July 5, 2017
Review by Vish Khanna
Based both on this current tour and the sentiment within his latest batch of
records, it feels as though Bob Dylan – one of our hardest men – is finally, in
his own uncompromising way, beginning to soften.
If you've followed Dylan live the way some of us do (this was the third of four
Ontario shows I plan to attend this week), you can revel in the new material
and/or marvel at how his classics never stop evolving. You wind up enthralled
or possibly alienated; it's all on you, really. But you will feel something deep
and altering.
In many ways, Dylan and his band have crafted their most inclusive and dynamic
set list in some years and, rather unusually, stuck to it every night of the tour
far, making for a tight, well-oiled, crowd-pleasing show.

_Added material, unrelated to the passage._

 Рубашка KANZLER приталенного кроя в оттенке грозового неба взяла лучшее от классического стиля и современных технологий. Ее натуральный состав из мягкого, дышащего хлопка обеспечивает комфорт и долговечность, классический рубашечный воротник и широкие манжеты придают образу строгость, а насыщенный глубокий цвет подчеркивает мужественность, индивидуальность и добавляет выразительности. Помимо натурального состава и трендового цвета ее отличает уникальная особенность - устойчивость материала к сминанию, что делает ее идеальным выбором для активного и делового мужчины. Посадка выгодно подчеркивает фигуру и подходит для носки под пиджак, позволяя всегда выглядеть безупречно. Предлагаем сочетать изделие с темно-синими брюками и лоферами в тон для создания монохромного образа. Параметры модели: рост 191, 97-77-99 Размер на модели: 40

After the menace-laced shuffle of Things Have Changed, an Oscar-winning
latter-day hit, fans at the Air Canada Centre were treated to a shimmering
Don't Think Twice, It's Alright and a really ferocious Highway 61 Revisited.
These two songs from Dylan's breakthrough period in the 60s set something
of a familiar mood for die-hards who cling to his earliest material.

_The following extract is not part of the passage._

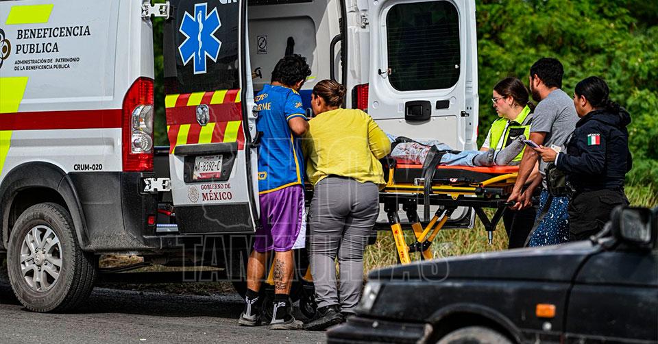 Paramédicos atendiendo a un joven motociclista luego de resultar lesionado al chocar contra una camioneta en Ciudad Victoria

That said, it was gratifying to hear the warm ovations that greeted songs
from Dylan's last three releases – Shadows In The Night, Fallen Angels and
Triplicate – which have found him exploring noir-ish chapters of the American
songbook that he had no hand in composing but which profoundly shaped
him as an artist.
People light up for Why Try To Change Me Now, Stormy Weather and the truly
haunting Once Upon A Time. Dylan croons them all, modifying his delivery and
attack, and sets these melancholy tunes some distance away from the more
vicious Pay In Blood or the biting Long And Wasted Years, which, since its last
time through Toronto, has developed a couple of math-rock parts.
Dylan's current band consists of bassist Tony Garnier, drummer George Receli,
guitarists Charlie Sexton and Stu Kimball, and steel player/violinist Donnie Herron.

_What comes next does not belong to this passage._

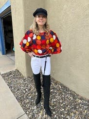 Vibrant colors on cotton. Puffy sleeves make a bigger statement with the dots. Unique symmetry throughout the top.

Their work with him isn't often given the justice it deserves. Their sound is
unprecedented: as if the future swallowed up the past – all of the past – to
get to some entirely new cultural place. Only this band with this singer and this
aesthetic right now could make a standard like That Old Black Magic inexplicably
kick ass.
For his part, Dylan continues to operate like a pure, focused entertainer. He
keeps his own songs guessing, jettisoning beautiful turns of phrase in Make You
Feel My Love and Tangled Up In Blue for new words that say something else.
It's presumably kind of fun for him, all of this rebooting, and it keeps fans on
their toes.
He doesn't banter or, as was often the case in the recent past, even introduce
his band any more. There are no cheat sheets or prompters or other stage
crutches. It's a marvel, really, watching this 76-year-old man, with the swagger
of the longest living punk rocker this side of Little Richard and Jerry Lee Lewis,
operate at the highest level.
He pops his head up from his baby grand piano like he's commanding a rumbling
tank. He takes centre stage with a golden mic on a straight stand. He grins a bit,
nodding slightly to us with a detached but apparent gratitude. It's alluring, his
presence. You can't look away.
Dylan has always communicated in his own unique manner and, on this tour, on
this night in Toronto, he and his dignified band brought us all into their weird
world. People are crazy, times are strange. If it once seemed that Bob Dylan
didn't care, well, things have changed.